We didn't use ForkJoinPool. We didn't use parallel streams. Both were tempting and both hide the things you actually need to control on EOD night — pool size, queue depth, and what happens when one task fails.
Batch sizing: the goldilocks problem
Inside a partition, transactions still hit the database. We wrote them in batches via JDBC addBatch / executeBatch. The batch size was the single most-tuned number in the system.
| Batch size | Wall time | Notes |
|---|---|---|
| 1 | 38 min | One round-trip per row. DB is bored. |
| 50 | 14 min | Round-trips down 50×. |
| 500 | 9 min | Best throughput on our hardware. |
| 5,000 | 11 min | Long transactions, lock pressure, undo growth. |
500 was the sweet spot for our schema and hardware. The lesson wasn't the number — it was that "batch everything" without measuring is just as wrong as "no batching." We checked it once a quarter because data volumes moved.
What we deliberately did not build
In 2018, the temptation list looked like this:
- A separate JVM dedicated to batch work, deployed on its own box.
- A JMS queue (ActiveMQ or IBM MQ) to dispatch partitions across multiple worker JVMs.
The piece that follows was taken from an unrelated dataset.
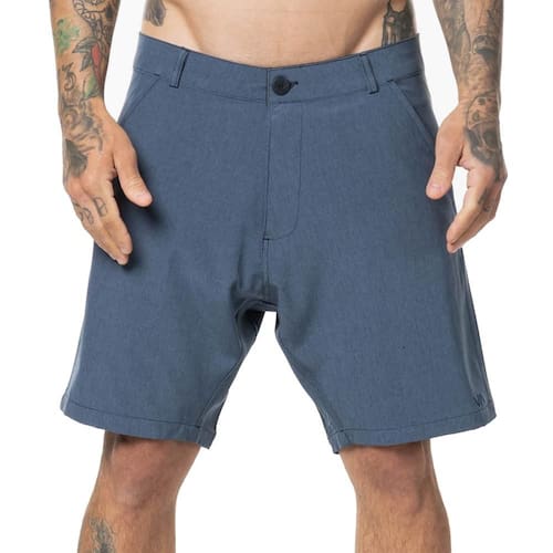 Bermuda Rvca hybrid em tecido com alta elasticidade, 18", fechamento em botão de massa, bordado VA na perna, bolso traseiro embutido e etiquetas personalizadas da marca.

- Spring Batch for chunk-oriented processing with restart semantics built in.
- A move toward containerization (Docker was real, Kubernetes was just becoming "a thing you might do").
We considered all of them. We shipped none of them. The reasoning was:
- A second JVM doubled the operational surface for a job that already finished in well under twenty minutes.
- A message broker would have given us nothing the partition table didn't already give us, and would have added a piece of infrastructure that the bank's ops team had no runbook for.
- Spring Batch was a real option, and in hindsight I'd likely use it on a green-field rebuild. At the time, retrofitting it onto a five-year-old codebase wasn't worth the risk.
- Containers in production for a regulated lender, in 2018, in our environment, was a battle for a different year.
The honest framing: we matched the architecture to the team and the operating environment, not to the conference talk circuit. That tradeoff aged well. The system ran EOD inside its window for years.
Where it landed
After the rewrite, EOD finished in eight to twelve minutes on normal days and never crossed sixteen on the heaviest end-of-month runs we saw. The actual headline number wasn't the speedup, though — it was that EOD became something operations stopped paying attention to. They got their morning. We got our sleep.
A few lessons I keep returning to:
- Find the unit of work that's truly independent before you reach for threads. Most "concurrency problems" are actually partitioning problems wearing a costume.
- Concurrency that shares a process with serving traffic needs a budget. Pool size, queue depth, backpressure policy — pick them deliberately.
- A boring schema (
eod_run,eod_partition) gives you idempotency and observability for free. It is worth more than any clever framework. - Match the architecture to the operating environment. A monolith with a well-designed scheduler beat a distributed system we couldn't operate.
If I were building this today I'd probably reach for a managed work queue and run the workers on something orchestrated. But the underlying design — partition the work, bound the parallelism, batch deliberately, make every step resumable — is the part I'd carry over unchanged.
That part isn't really about Java at all.